Marketing and attribution storage
Marketing cookies help measure whether campaigns bring readers to informational articles or paid programs. They may record click identifiers, creative variants, and approximate conversion steps. We do not use them to sell your data; we use them to understand performance of our own advertising spend.
A
Analytics opt-in only after granular approval
M
Marketing tags gated separately
N
Necessary storage always disclosed
Expiry and rotation cadence
Session cookies expire when you close the browser tab where they were set (depending on browser implementation). Persistent cookies range from a few hours to thirteen months for mainstream vendors; we ask suppliers to honour the GDPR principle of storage limitation and to delete data on our workspace when contracts end.
Consent logs themselves may persist up to thirteen months to demonstrate compliance during regulatory inquiries.
Illustrative first-party keys
The exact names rotate with deployments, but our engineers aim for predictable prefixes such as tdde_consent_v1 for consent state and tdde_session for short-lived form protection. Do not treat this list as exhaustive; it demonstrates transparency intent.

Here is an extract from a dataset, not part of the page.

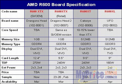 AMD将会于2月下旬向合作伙伴提供零售版本的R600XTX样本,代号为Dragons Head 2,PCB相比NVIDIA GeForce 8800GTX更短,需要两组6pin PCI-E外接电源,最高功耗为240W。此外R600还会有两款较低当次的型号,包括R600XT及R600XL,R600XT代号 Catseye,将采用与XTX版本相同的PCB设计,核心频率将会比XTX版本下降10-15%,内存亦会减少至512MB,并改用速度较低的GDDR3颗粒,最高功耗同样高达240W,预计将于4月19日出台。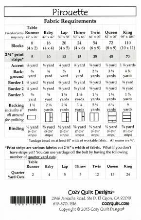 From Cozy Quilt Designs By Stout, Daniela In Quilts Pirouette - A Cozy Strip Club Pattern Designed for 2½" Strips An immediate favorite, Pirouette is the perfect project for any strip bundle. In simple Cozy style, the quilt is made from one block that is twisted and turned to create the charming effect. Just add accent and background fabrics and you are on your way. As if twirling on tiptoe, the blocks are both delicate but strong, simple yet the elegant. So, with some easy strip piecing and some stitch and flip work you too can have a graceful masterpiece. The pattern includes instructions for: • Table Runner • Baby • Lap • Throw • Twin • Queen • King

Third-party controllers you might meet
Embedded videos, social previews, or map tiles can attempt to set their own cookies the moment they render. Because we cannot fully control their behavior, we delay loading those embeds behind a consent check where feasible or replace them with static previews until you click through.
Browser-level controls
Every major browser offers settings to block third-party cookies, delete existing ones, or alert you before storage. Mobile operating systems expose similar toggles at the web-view level. These tools complement, but do not replace our on-site preferences because some necessary cookies may still be required to submit encrypted forms.
How we notify you of updates
When we adopt a vendor that materially changes tracking capabilities, we bump this Policy’s revision stamp and may reset optional consents if regulators expect fresh consent.